### WHAT TO PRODUCE:
From the material below, copy exactly the lines beginning with the one that contains "đ„Dr. Martens Jadon" and ending with the one that contains "商品名称:【买2送1】夜夜惊喜 佳莱福源生堂牌海狗人参丸120粒 大瓶装"; the pictures stay out.

### RECORDS:
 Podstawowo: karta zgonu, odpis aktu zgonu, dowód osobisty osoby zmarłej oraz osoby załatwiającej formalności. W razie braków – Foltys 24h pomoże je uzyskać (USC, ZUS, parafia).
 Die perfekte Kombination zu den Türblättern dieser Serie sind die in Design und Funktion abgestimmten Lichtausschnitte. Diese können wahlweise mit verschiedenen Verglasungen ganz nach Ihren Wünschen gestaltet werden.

...

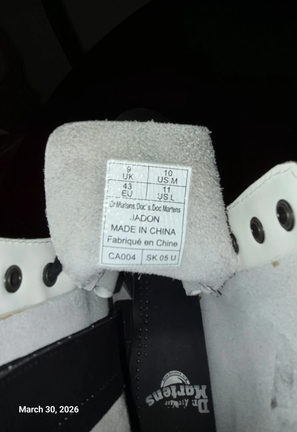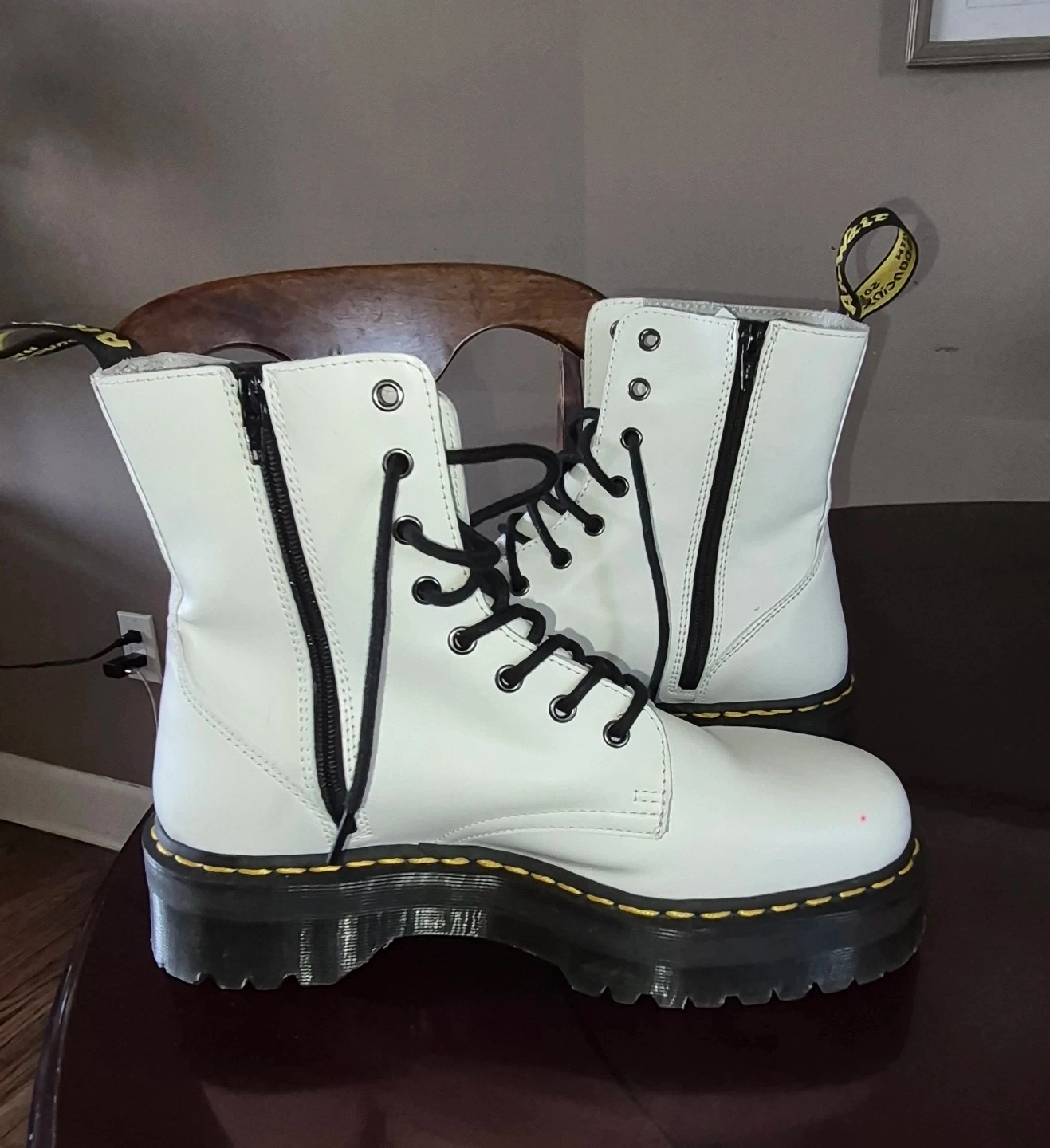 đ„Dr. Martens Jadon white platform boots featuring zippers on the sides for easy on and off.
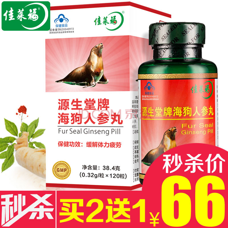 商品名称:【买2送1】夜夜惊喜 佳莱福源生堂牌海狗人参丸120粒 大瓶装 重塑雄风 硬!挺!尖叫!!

### RESPONSE AREA:
 đ„Dr. Martens Jadon white platform boots featuring zippers on the sides for easy on and off.
 商品名称:【买2送1】夜夜惊喜 佳莱福源生堂牌海狗人参丸120粒 大瓶装 重塑雄风 硬!挺!尖叫!!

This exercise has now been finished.